Park factors. Pretty much all of the loss—from nearly 90% to under 70% of variance explained in team runs per game—comes from park factors. Or that’s what seems to be going on.
I had to figure this out quasi-experimentally.
It’s not feasible, really, to trace out directly the steps that lead to FanGraphs’ Offensive War R2 loss. You can observe it in the manner that I did a couple of posts ago—by directly comparing the runs-scored variance explained by FG’s wRAA and offensive WAR measures.
But to reliably reconstruct the process that leads to this outcome, I think you’d need more data than FanGraphs supplies.
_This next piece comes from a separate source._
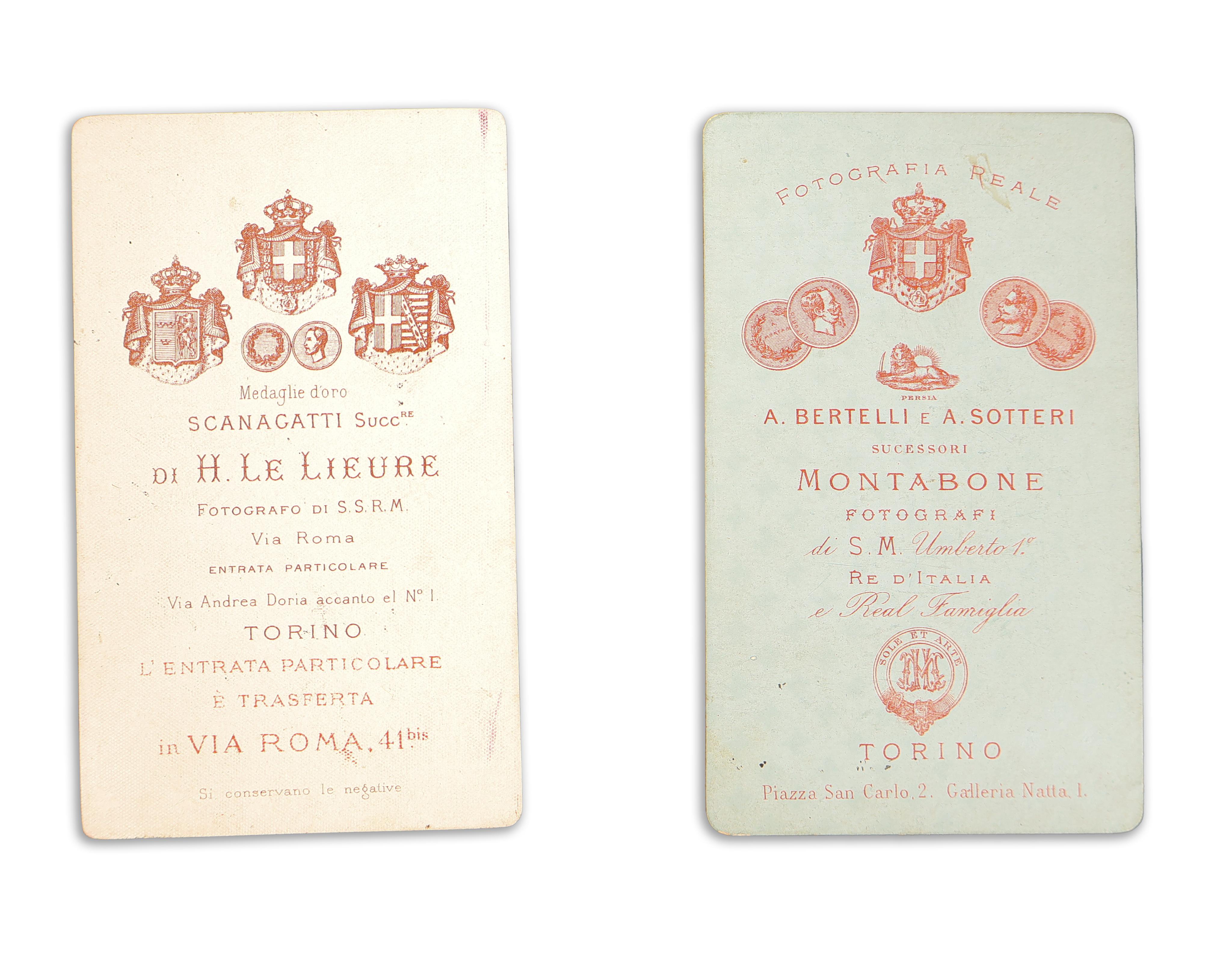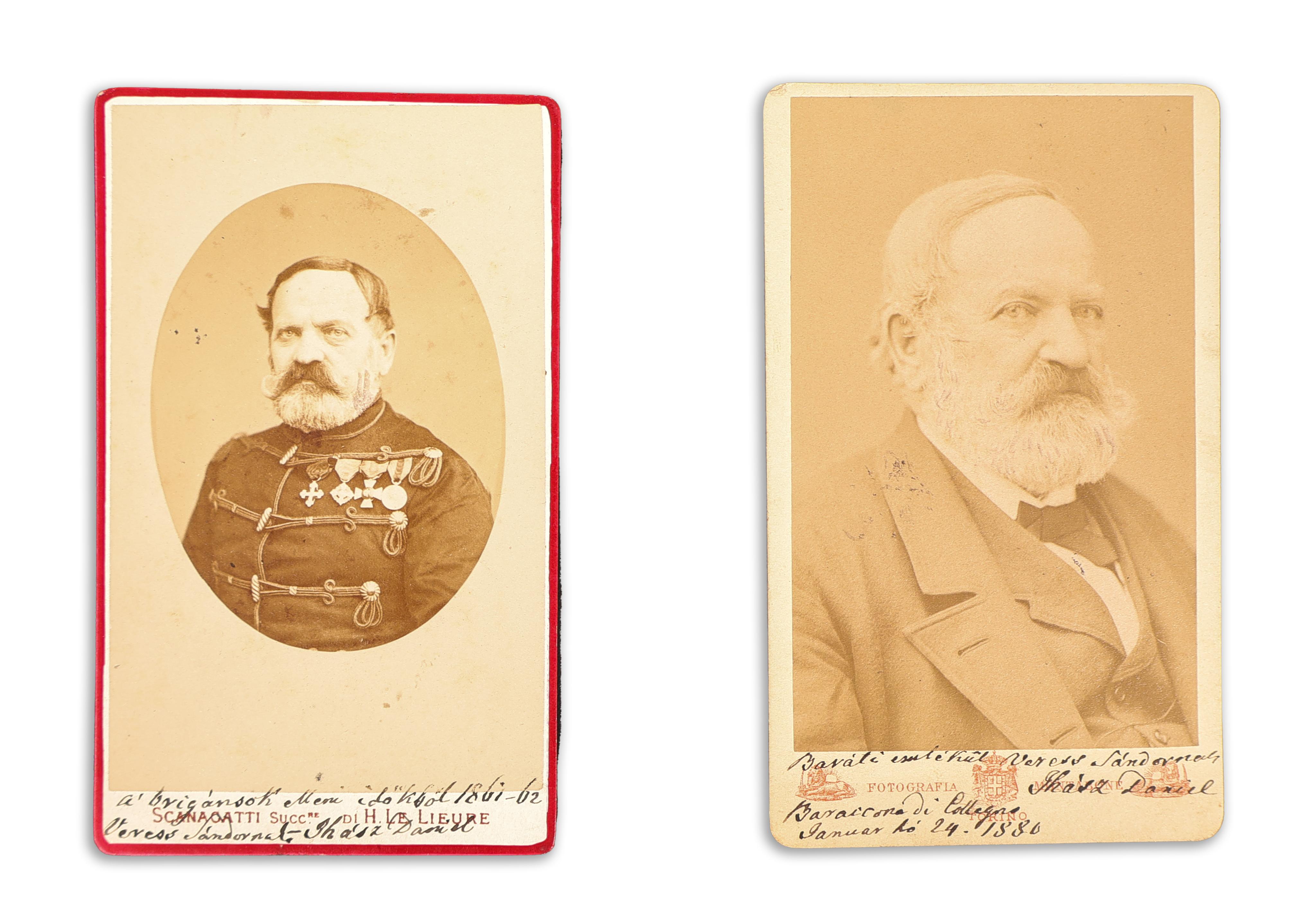 Ihász Dániel (1813-1881, Collegno al Baraccone) colonnello dell'esercito, comandante della legione ungherese in Italia, colonnello dell'esercito italiano, segretario personale di Lajos Kossuth, foto di due biglietti da visita dedicati. Due documenti fotografici eccezionali, entrambi in ottime condizioni.

Where a player divides his time between two or more teams in a season, FanGraphs publishes only his overall and not his team-specific stats. That means you can’t reproduce team-level stats by aggregating those of all a team’s players. Because you can’t do that, you can’t disassemble the team-level stats by, essentially, removing from its individual player’s stats the various things FG does to translate their wRAAs into offensive WAR scores before you add them all up.
So I decided to perform that set of operations on my own OPSrp—an OPS-derived run production measure.
I’ve discussed how I created and that measure, and confirmed that when you aggregate the OPSrps of teams’ individual players season-by-season, you get a super high R2 for team runs scored comparable to the one you get when you regress team runs on FanGraph’s admirable wRAA measure.
I demonstrated, too, that when you translate OPSrp into a team-level wins above average score (OPS-WAA), you really don’t lose very much explanatory power at all.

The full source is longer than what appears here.